I call these women like my Canadian Army. I have three women, Emma-Lee, Victoria Banks, and Karen Kosowski that have been absolutely essential and crucial to this album. Victoria Banks was one of the first people that I started working with in Nashville. We stopped writing for a while because I was going through the whole Nashville assembly line of writers. When I finally stopped and wanted to focus on people that have gotten me as an artist, that have always been willing to write with me, Victoria Banks was the first person I thought of. Karen Kosowski, I met her a few years ago, and she was the first person to ever record my voice where it stopped me in my tracks, and I was like, ‘Wow, like she actually really hears me’. Whenever we build and write songs together, she focuses on my voice first, and she is going to blow up as a producer. Nathan Chapman and a guy named Frasier Churchill, who's British is also a part of this.

You've talked to some difficult subject matters on some of your songs recently, but addressed things that needed to be heard by everyone on songs such as, ‘What Are You Gonna Tell Her’ and ‘Black Like Me’. How important is it for you to use your gift as a writer and singer to raise awareness of these issues?

It's extremely important. It wasn't intentional, that I became an advocate writer. It took time, it took pain, it took trial and error to get me to this point. When I wrote songs like ‘Black Like Me’, and ‘What Are You Gonna Tell Her’ it was just therapy for myself, I needed an outlet to get it out and to move forward. I never had the intention of people hearing the songs. It's just what happened then I guess it's my purpose, that I didn't even realise was my purpose. So now it's so important for people to be heard, especially in a time where there's so much pain around the world with this pandemic. And then the oppression of women, which is also a pandemic that is so important for me to sing about.

Can you tell me the story behind ‘Love My Hair’?

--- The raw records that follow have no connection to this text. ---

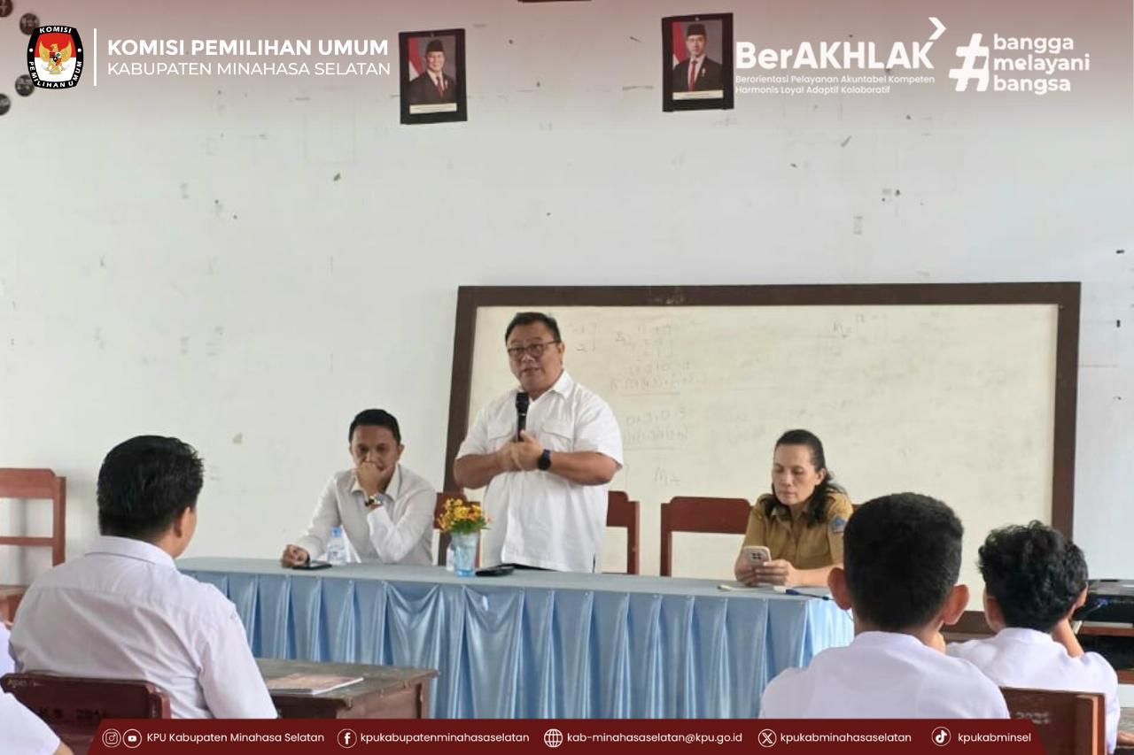 Amurang, 6 Oktober 2025 – Upaya menumbuhkan kesadaran berdemokrasi di kalangan pelajar kembali digalakkan. Kali ini, Komisi Pemilihan Umum (KPU) Kabupaten Minahasa Selatan memenuhi undangan dari SMK Negeri 1 Tumpaan untuk menjadi narasumber dalam kegiatan Sosialisasi dan Pendidikan Pemilih Berkelanjutan bagi segmen pemilih pemula.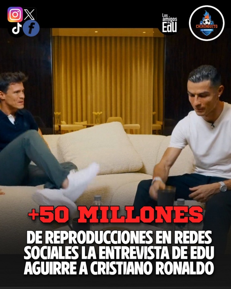 C羅接受西班牙六臺(tái)記者愛德華多-阿吉雷的專訪,西班牙六臺(tái)指出,這次專訪的視頻在各個(gè)社交平臺(tái)的點(diǎn)擊量已經(jīng)突破5000萬。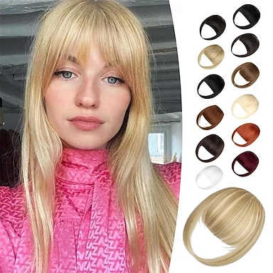 Frange à clip, frange naturelle à clipser, frange française blond clair décoloré avec mèches sur les tempes, extensions de frange pour femme, à porter au quotidien.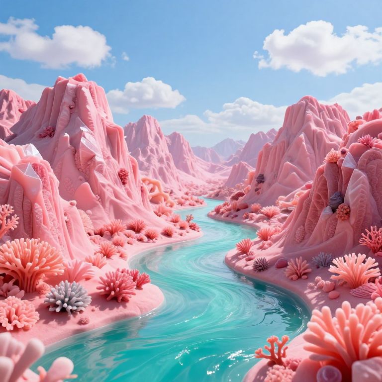 A surreal 3D-rendered landscape features vibrant coral-pink, foam-like mountains sculpted with crystalline textures, surrounding a serene turquoise river that winds through the scene under a bright blue sky dotted with fluffy white clouds, evoking a dreamlike, otherworldly atmosphere reminiscent of a digital fantasy realm.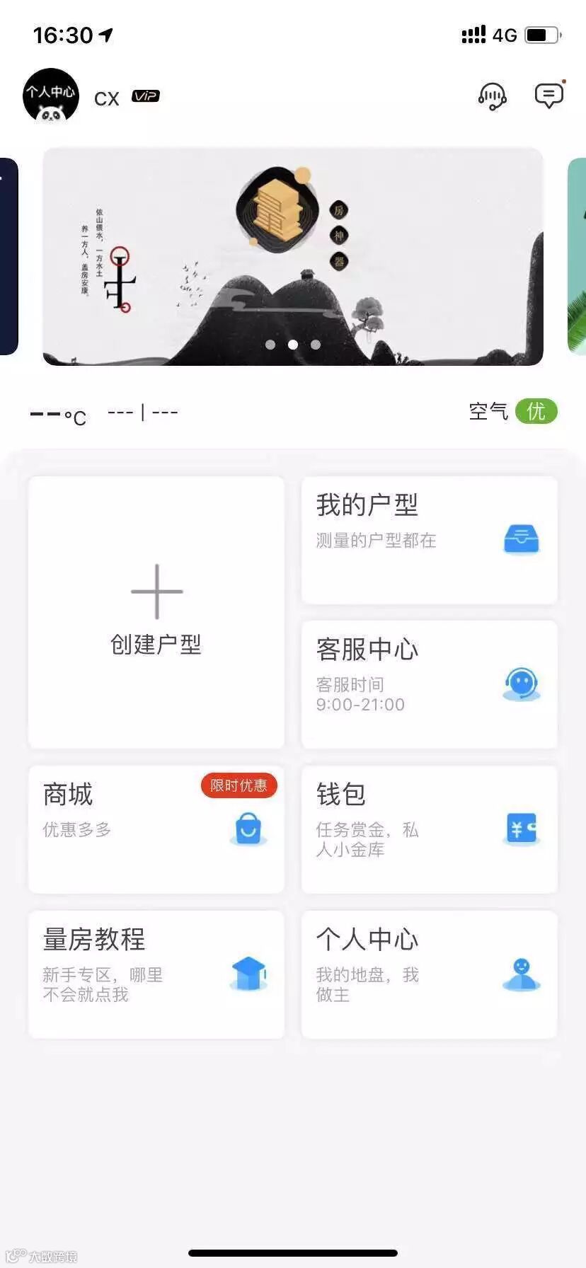 APP首页主要由创建户型,我的户型,商场,量房教程,客服中心,个人中心,钱包等七大模块构成。
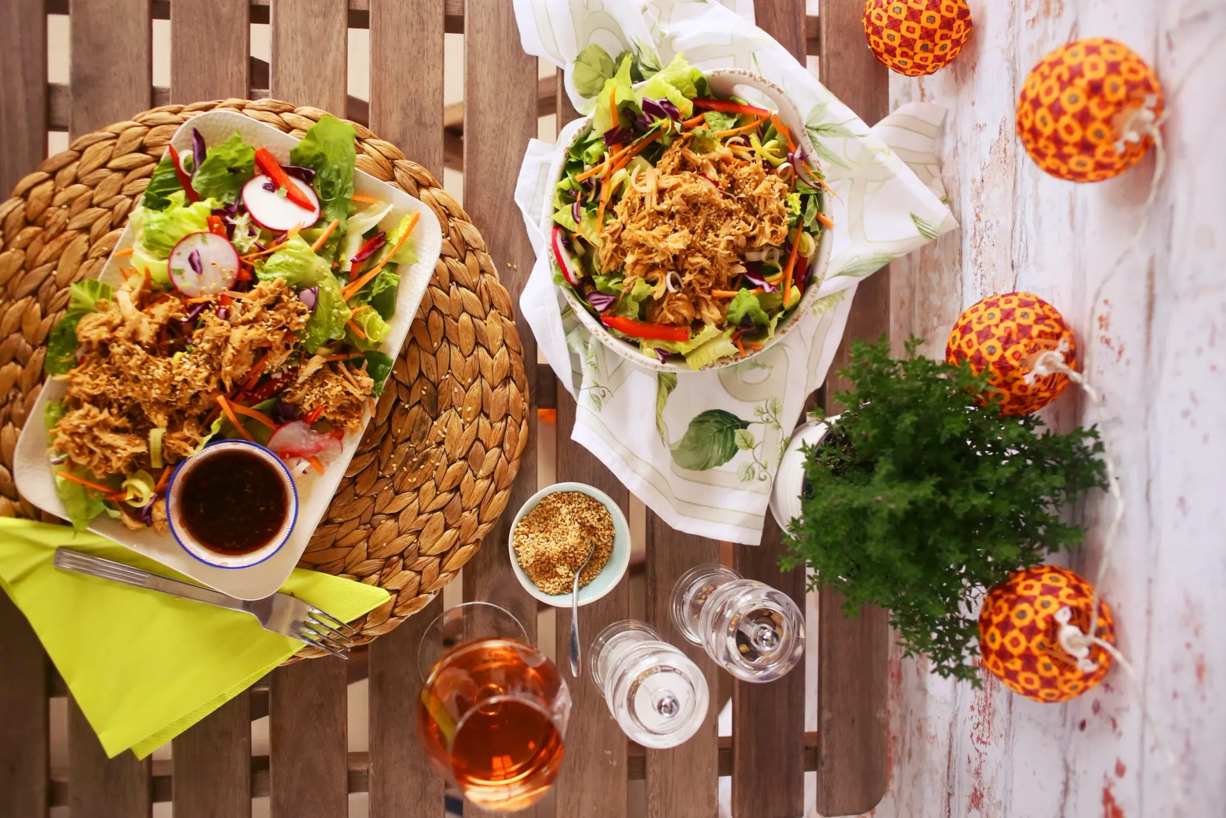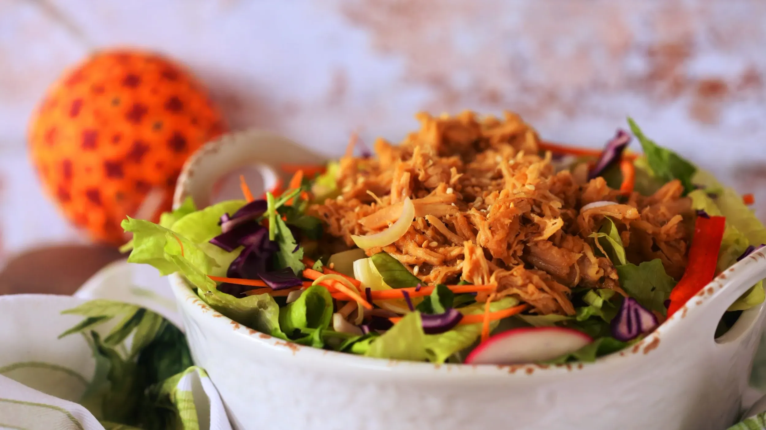 A csirkemellett, forró sós vízbe pottyantjuk és kb. 25 perc alatt megfőzzük. A római salátát pár kisebb darabra vágjuk. A répát és a lilakáposztát vékony csíkokra, a retket és az újhagymát szeletekre vágjuk. A kaliforniai paprikát is felszeleteljük és az aprított korianderrel együtt a többi alapanyaghoz dobjuk.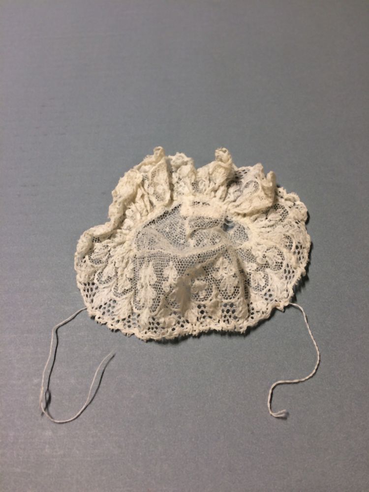 Kleine mutsen voor binnenshuis, met een enkele of dubbele sierstrook als rand aan de voorkant en tot de oren reikend; werden door vrouwen in de 18e eeuw gedragen. (AAT) https://data.cultureelerfgoed.nl/term/id/cht/63d7c4b6-1fa2-4798-b701-ea7115827662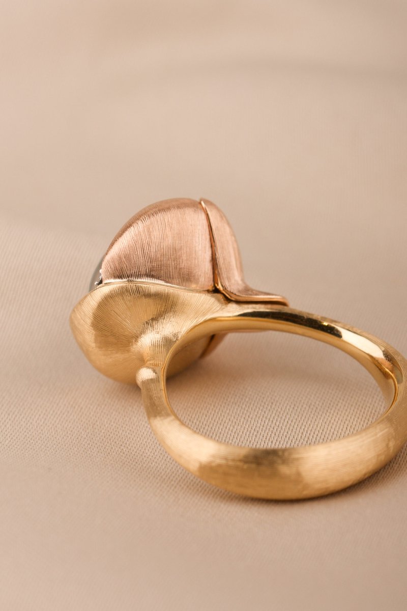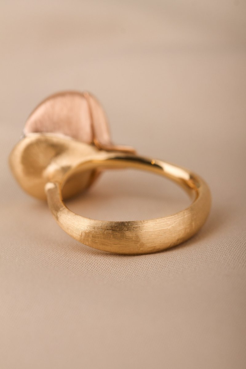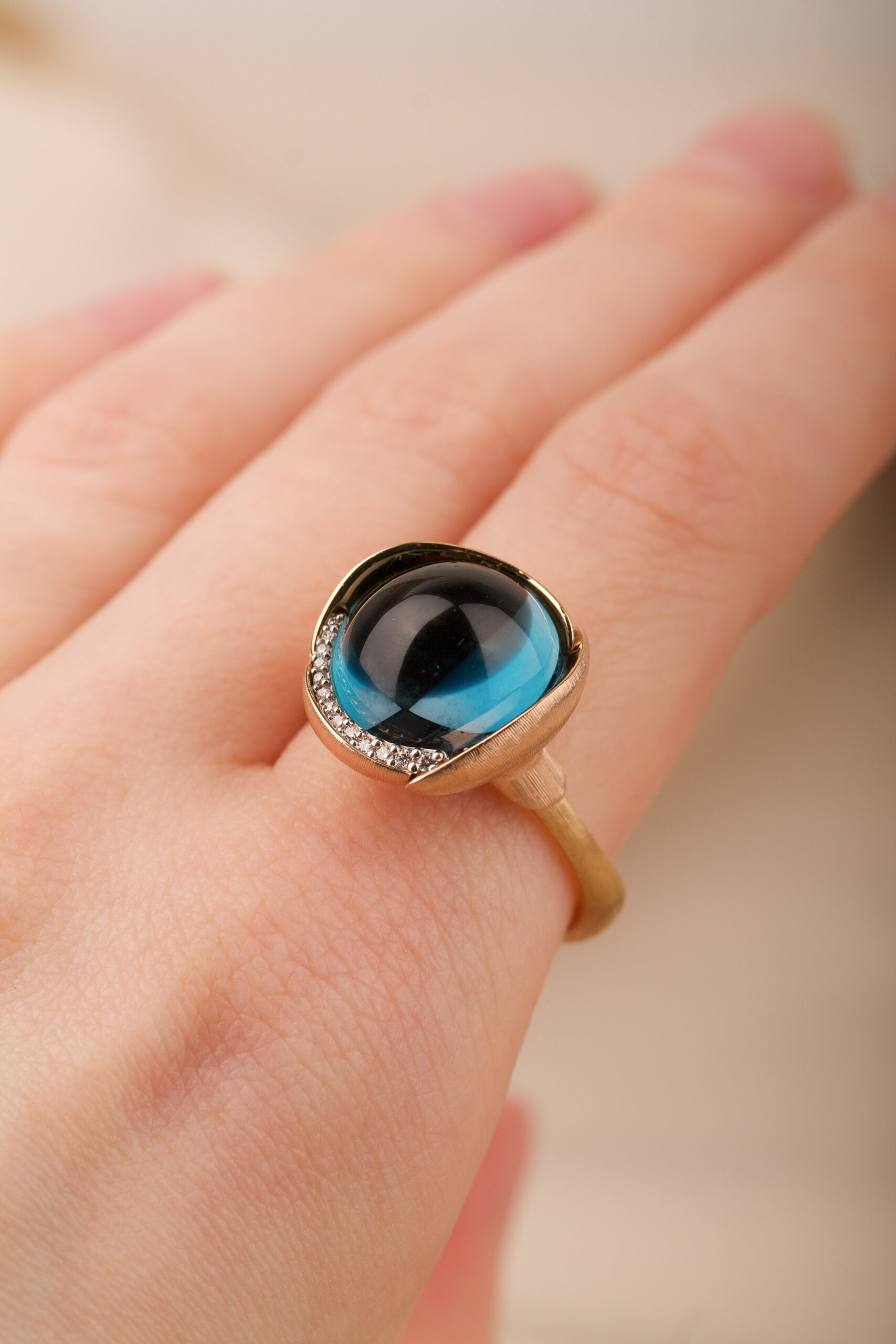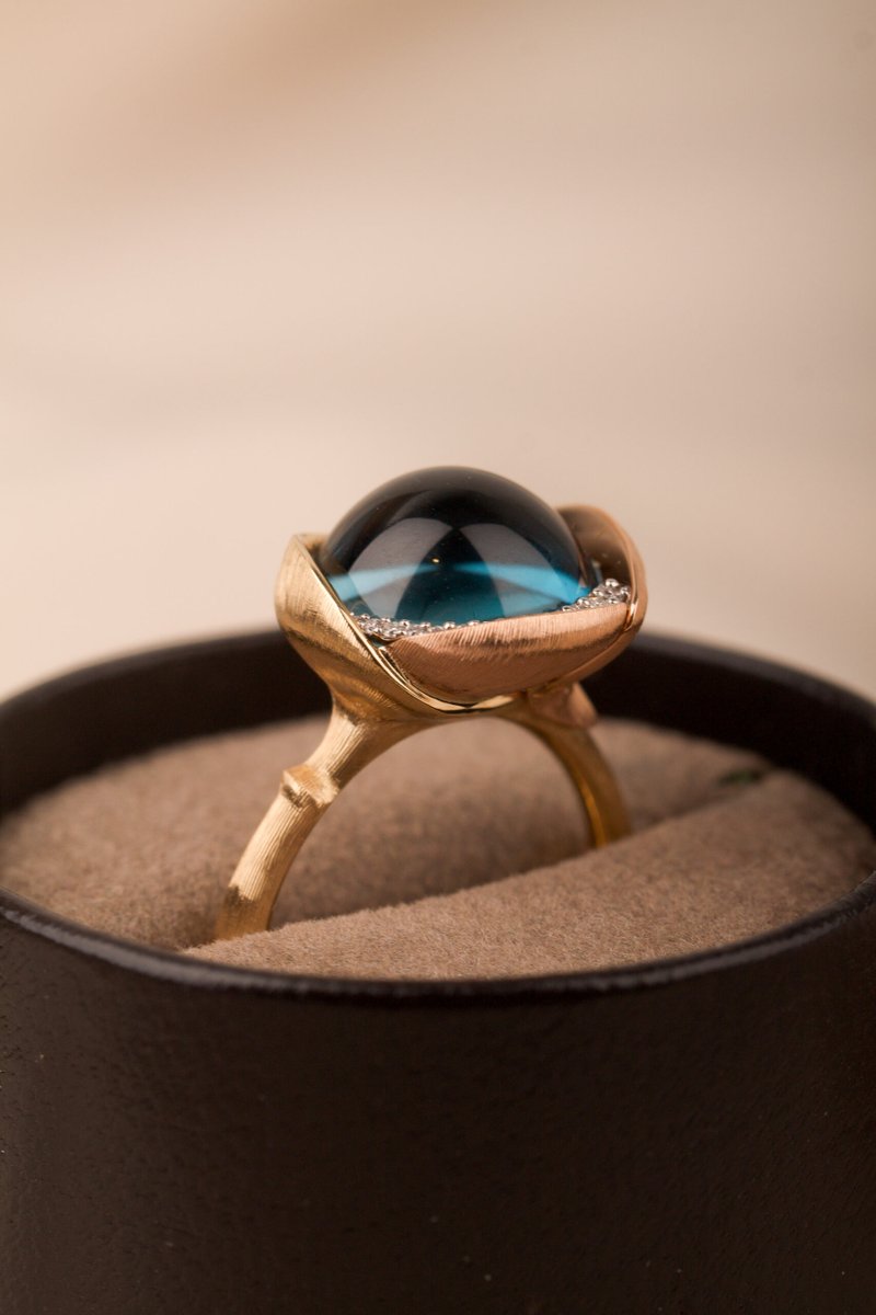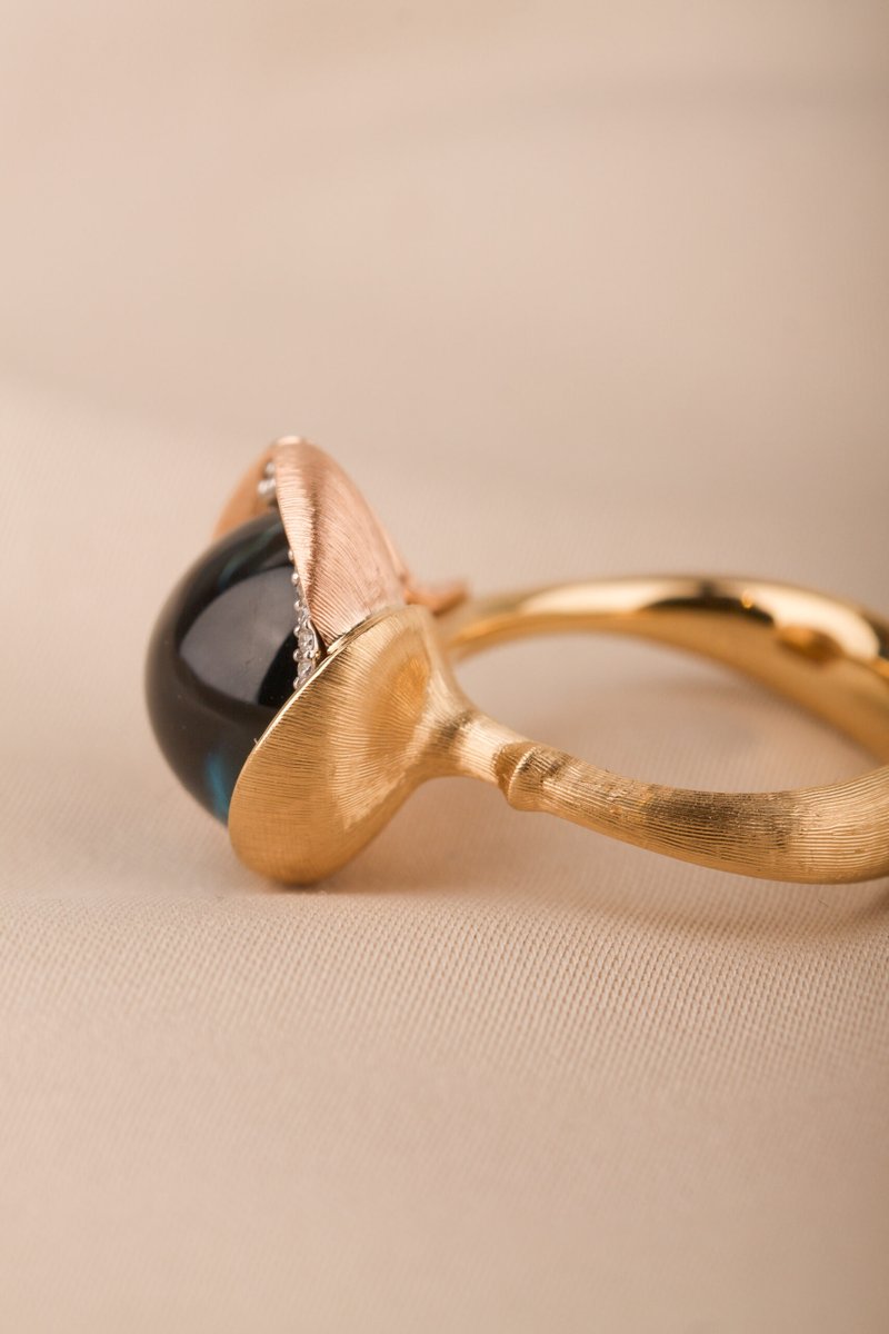 18K guld. Cabuchonslipad topas ca 13 mm, briljantlslipade diamanter 13 st tot. 0,05 ct TW/VS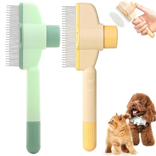 Marchul 2Pcs Pet Comb Flea Comb Set for Cats Dogs, Cat Grooming Brush with Release Button and Stainless Steel Round Teeth, Self-Cleaning Dog Combs for Removing Pet Hair, Knots & Loose Fur, White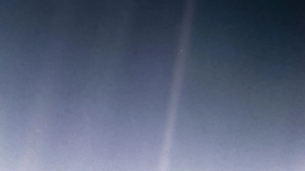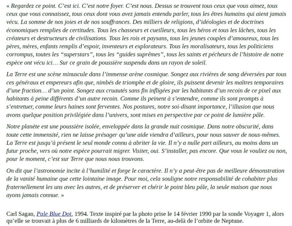Et pour clore cet article, je ne résiste pas à l’envie (au besoin ?) de partager le magnifique texte « Pale blue dot », écrit par l’astrophysicien Carl Sagan en 1994 et inspiré par l’image la plus lointaine que nous possédons de notre planète (prise par la sonde Voyager 1, qui dérive aujourd’hui on ne sait trop où dans l’univers avec une capsule temporelle à son bord).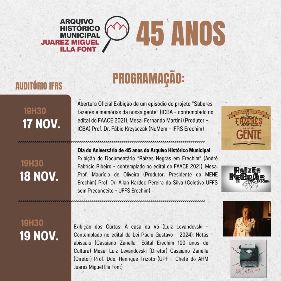 Entre os dias 17 e 19 de novembro de 2025, a I Mostra de Cinema do Arquivo Histórico Municipal Juarez Miguel Illa Font celebra o aniversário de 45 anos do Arquivo, comemorado no dia 18 de novembro. O evento é realizado em parceria com o Núcleo de Memória (NuMem) do Campus Erechim do Instituto Federal do Rio Grande do Sul (IFRS) e tem como objetivo valorizar produções de artistas locais. A entrada é gratuita e haverá certificação aos presentes.
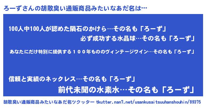 | 意味不明あだ名 | 『住所不定無職ろーず(5歳)』 |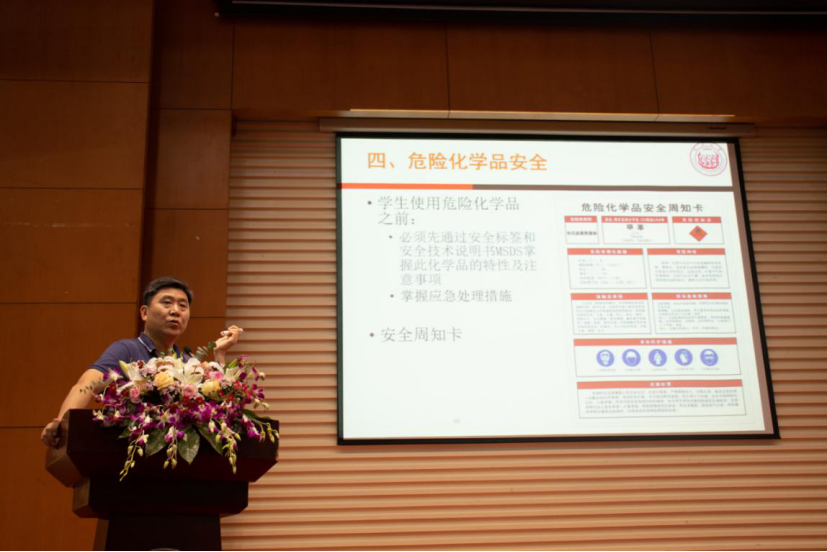 接下来,姚武老师从实验室通用安全、消防与用电安全、危化药品安全、气体和高压瓶使用安全及特种设备使用安全等五个方面,系统介绍了在实验楼进行学习和做实验时需要注意的安全隐患,并提出了学校及学院对学生的具体要求,要求学生严格遵守规章制度和操作流程,在进入实验室之前进行完备的安全教育和考核。

So I wrote love my hair after I saw a YouTube video of a little girl with braids being sent home, because the school said her hair was distracting. It just brought me back to my own insecurities with my own hair as a child and me thinking that I didn't have beautiful hair, when in fact I have gorgeous hair just like everybody else. So I wanted to write a song about loving yourself, you’re allowed to love exactly who you are.

If there's one song on this record that the world needs to hear, which one are you telling people to listen to?

I would say ‘Lay It On Me’ is one that I just think is so great. I wrote that song about my husband because he was really sick. For a year, I had to watch him go through all of these tests, like even a bone marrow biopsy to try to figure out what was going on with him and to watch someone that you love so much that is your superhero, struggle and be in a vulnerable space, that's really hard to watch. I wrote that about him and it's a beautiful love song.

Congratulations on becoming a mum. How have you found juggling a successful music career with motherhood so far?

It takes a village I would literally not be able to do this without the help of my family. I'm still learning and I'm still balancing it but he will always come first. That baby will always be first.

You’ve achieved a lot especially in the last few years, what’s been your proudest moment?

Having my baby was my proudest moment; that has changed everything. Being able to perform at the GRAMMYs was also another incredible moment that I'll never forget, hosting the ACM awards… There were so many really cool moments that I got to do that I'll forever be grateful for.

A few silly questions for you now, if you were to describe your personality as a flavour of potato chip, what flavour would you be?

I'm a salt and pepper kettle, because I'm a little salty, I'm a little peppery. I'm kind of a mix of all of it.

If they would make a movie about your life, who would you cast to play yourself and what would be the opening theme tune?

That is a good question. I don't know who would play me to be honest but the opening scene would probably be ‘Red Dirt Girl’ by Emmylou Harris.

What’s next for you?

I would love to go on my own tour, I want to start a record label and I want to continuously fight for equality and for marginalised artists in country music.